Sukumaran and Andrew Chan were ringleaders of the gang caught trying to smuggle millions of dollars' worth of heroin from Indonesia.

They were executed alongside six other prisoners on April 29.

Mrs Buckingham, who is from Portstewart, had befriended both men and comforted Sukumaran in his final minutes.

In an interview with the Belfast Telegraph, she recalled how she led the 34-year-old to the spot where he was killed.

"You were walking them to their certain death. There was no way out of this. You know this is their last moment," she said. "You are the last voice of kindness they will hear, you are the last face that they will see."

The Bali Nine were a group of Australians arrested on the holiday island over a plot to smuggle around A$4m (£2m) of heroin from Indonesia to Australia.

Chan and Sukumaran were executed on April 29, despite last-ditch appeals for clemency.

Other members of the gang were handed prison terms.

Mrs Buckingham, who moved to Australia 27 years ago, is a senior pastor at Bayside Pentecostal Church in Melbourne.

She befriended Chan and Sukumaran after meeting them in prison on a visit to Indonesia four years ago.

After being selected as Sukumaran's spiritual adviser, she accompanied him on his last journey from Kerobokan prison.

Mrs Buckingham described how Chan and Sukumaran sang hymns as they were led to a remote island to be shot dead.

"We got on to the island and said goodbye to the other civilians, the lawyers and so on," she continued.

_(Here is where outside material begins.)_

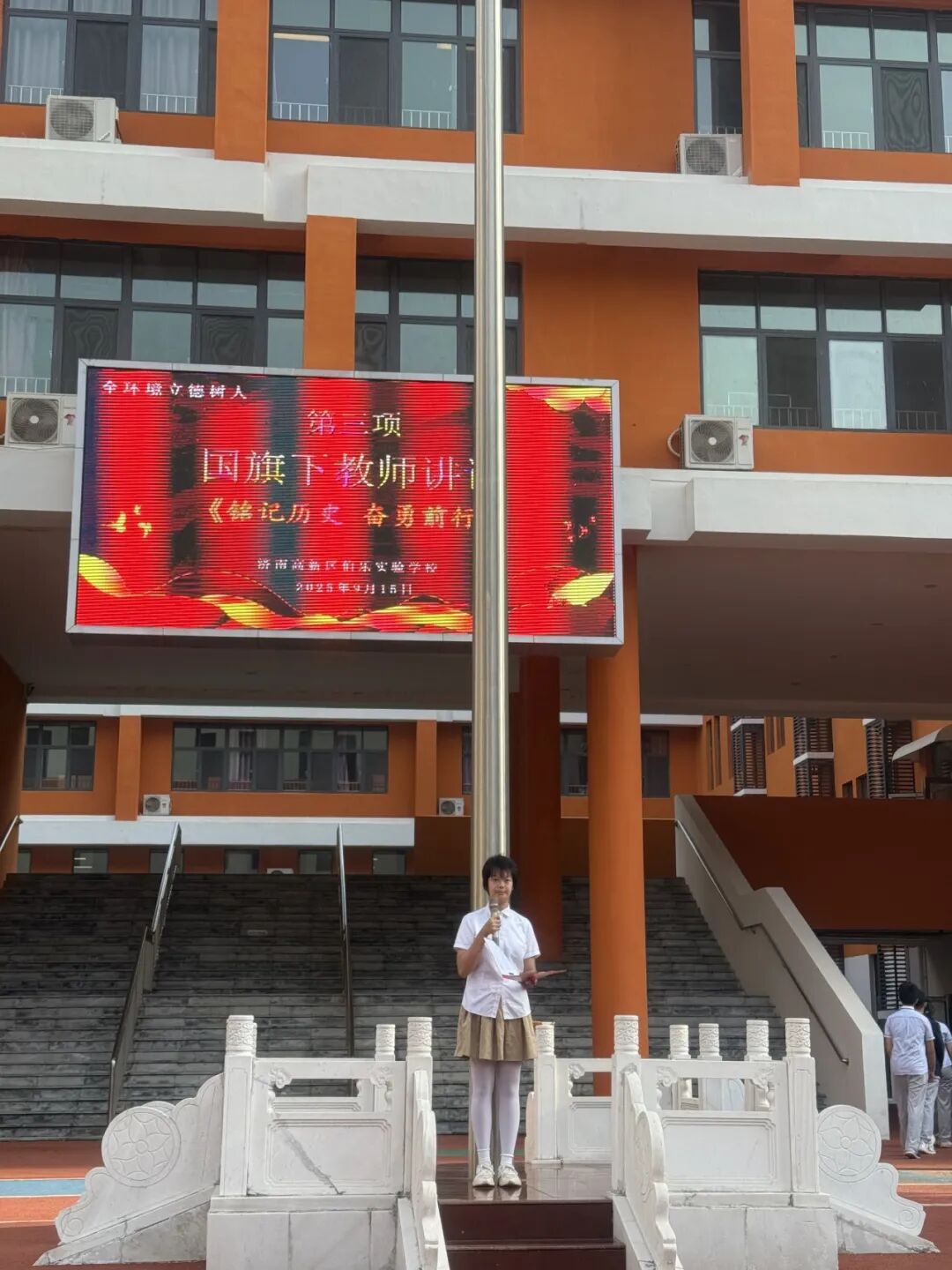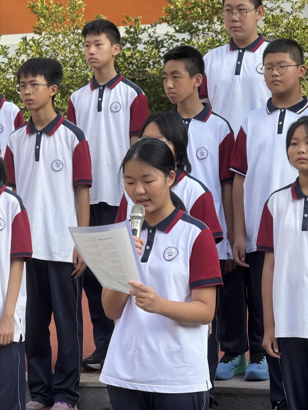 升旗礼毕,八年级(2)班学生代表裴梓萱同学发表了题为《勿忘国耻祭英魂,网安强国少年行》的国旗下讲话。她结合生活实际,生动地阐述了网络安全的重要性,从警惕网络诈骗、保护个人信息,到明辨网络谣言、拒绝网络暴力,向全体同学发出了“文明上网、安全用网”的倡议。

"Then we were taken off into the dark of night - the spiritual leaders and the military.

"We were each sent to the solitary confinement cell with our prisoner. We had a good 90 minutes with them, before walking them out and taking them down to the killing field."

Mrs Buckingham was present for the final three minutes before the executions. She said Sukumaran's final words were a plea for her to continue to speak out against the death penalty.

"You couldn't see anything except for your prisoner's face, but I could see the green light of the laser beam lining them up," she added.

"I didn't want Myuran to see that, so I lifted my arm.

"They tapped me on the shoulder to go, and I just said 'one minute, one minute'.

"They lined him up underneath my arm."

After some final words of comfort, she was forced to step away to allow the executions to proceed.

"I started singing with him, and they came to me again because I was the last one left and I knew I had to move off," she added. "I said 'Myuran, I'm just going to take a step back, are you OK?' And he said he was.

"I told him to keep singing and that I would see him on the other side, and he replied 'I'll see you on the other side'. I told him I was taking three more steps back, and asked him could he still hear me, and he could.

"I said 'Love you Myuran, I'll see you on the other side'.

"He kept singing.

"There was a sheet of black plastic that they pulled down.

"They were still singing.

"Then the next moment a hundred rifles went off.

"The velocity was such a shock to me. I wasn't expecting the noise of it. It threw my whole body forward. There was a massive noise."

Despite the deaths of Chan and Sukumaran, Mrs Buckingham has pledged her campaign to abolish the death penalty will continue.

She is also providing support to Lindsay Sandiford, a British national facing execution after being caught trying to smuggle £1.6m worth of cocaine into Bali in May 2012.

She said killing someone had no place in modern society.

"The fight has to go on. We're in 2015 and killing someone is never right," she added.